# 10 week old kitten bites and scratches my fingers and arms



## coonconnoisseur (Sep 16, 2010)

I now have a 10 week old kitten who bites and scratches my fingers and arms (at least when I am wearing a t-shirt). 

I think maybe she doesn't know that my fingers and arms are a part of me, and not for biting and scratching.

She doesn't do it so hard enough that it hurts.

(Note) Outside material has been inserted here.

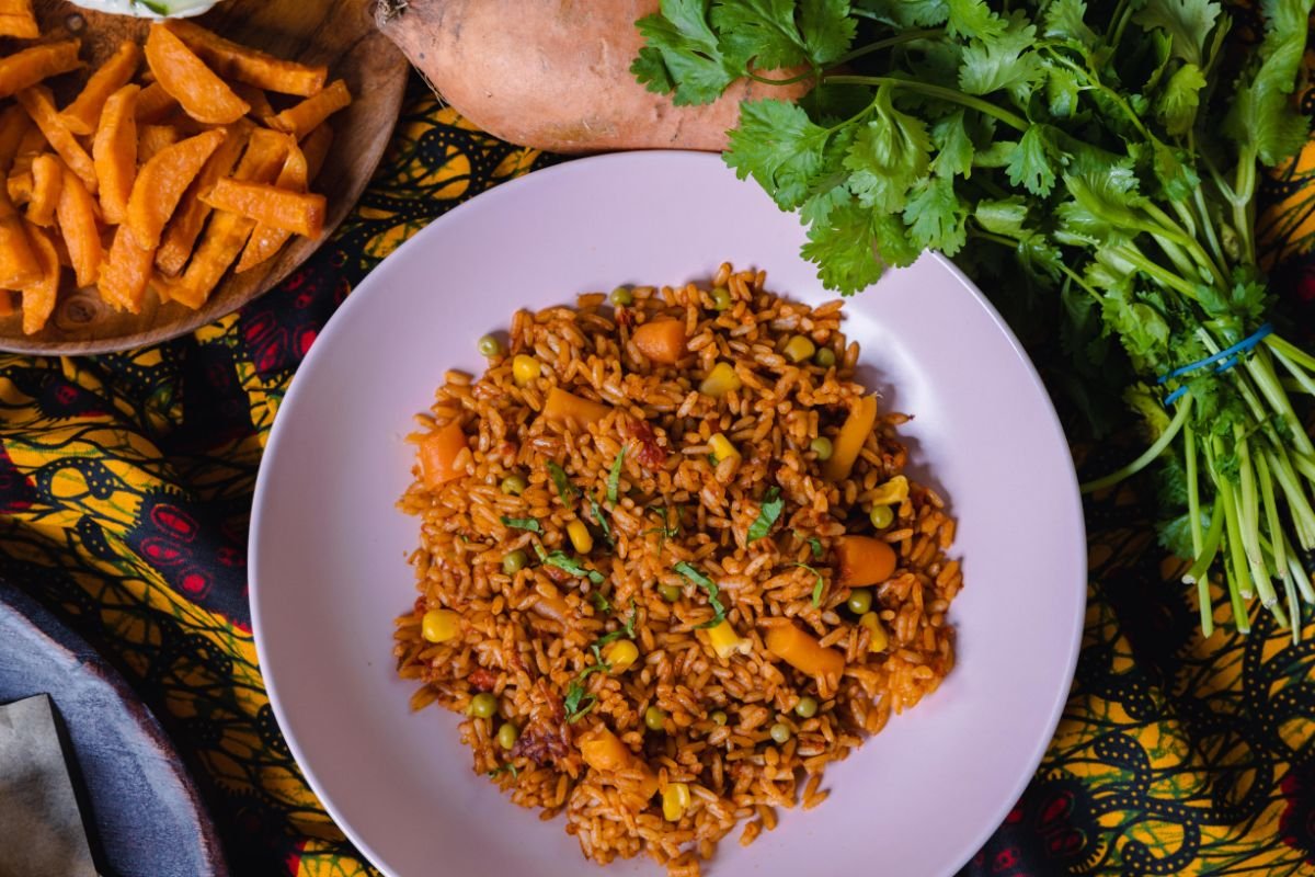 - Plat : Riz aux légumes (variante végétarienne du jollof rice)

How do I teach her to stop doing that?


----------



## SerenityFL (Oct 6, 2010)

That's what kittens do. Don't let her play with your arm or hand. If she starts to scratch and bite, remove yourself.


----------



## coonconnoisseur (Sep 16, 2010)

So does she grow out of that on her own?

At what age would she grow out of it?


----------



## icatguy (May 15, 2010)

She won't learn that you have skin and not fur unless you teach her that she's hurting you. She's not hurting you intentionally; she just thinks you're another big kitten to play with, and you've seen how they play: pretty rough, with fangs and claws.

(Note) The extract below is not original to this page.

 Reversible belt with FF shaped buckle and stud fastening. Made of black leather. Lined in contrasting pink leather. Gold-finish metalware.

Serenity's answer, though brief, is exactly how you teach her. She wants to be with you, so when she does something she's not supposed to do, you deprive her of what she wants: you. Make a loud noise (a good shriek will do, like you're hurt - but of course you are), immediately put her down without any other comment, walk away into another room, and ignore her for a while. She'll learn fast enough.


----------



## coonconnoisseur (Sep 16, 2010)

Well, about a month and a half later, so far the biting and scratching kitten hasn't stopped doing those things.

I'm sure it is correct that she isn't trying to hurt me. I think she thinks I'm a cat or something.

I notice also that the same kitten likes to start play fights with the older kitten even though the older kitten is much bigger than her. The younger kitten will always pounce on the older one and start biting her and kicking her with her back paws as they tackle each other. Sometimes the older kitten will play fight with the younger kitten for a few minutes and do the same things back to her, and then the older kitten will run away. Sometimes the older kitten runs away right away, without play fighting back at all. The younger kitten always starts new play fights again, later. 

The older kitten never starts a play fight with the younger kitten, though.

Will the younger kitten ever stop being bitey and scratchy on her own?


----------



## muggyscugglemeyer (Dec 1, 2010)

You can try a stern and sharp "No!" and flick her or tap her on the nose. Only do it hard enough to get her attention.


----------



## koobe (Nov 8, 2009)

Or press your fingers on her forehead, between the eyes. Because cats tell each other "no" by putting the paw on other's forehead.


----------



## Mitts & Tess (Sep 4, 2004)

Hope you are clipping their needle sharp nails. That helps a lot.


----------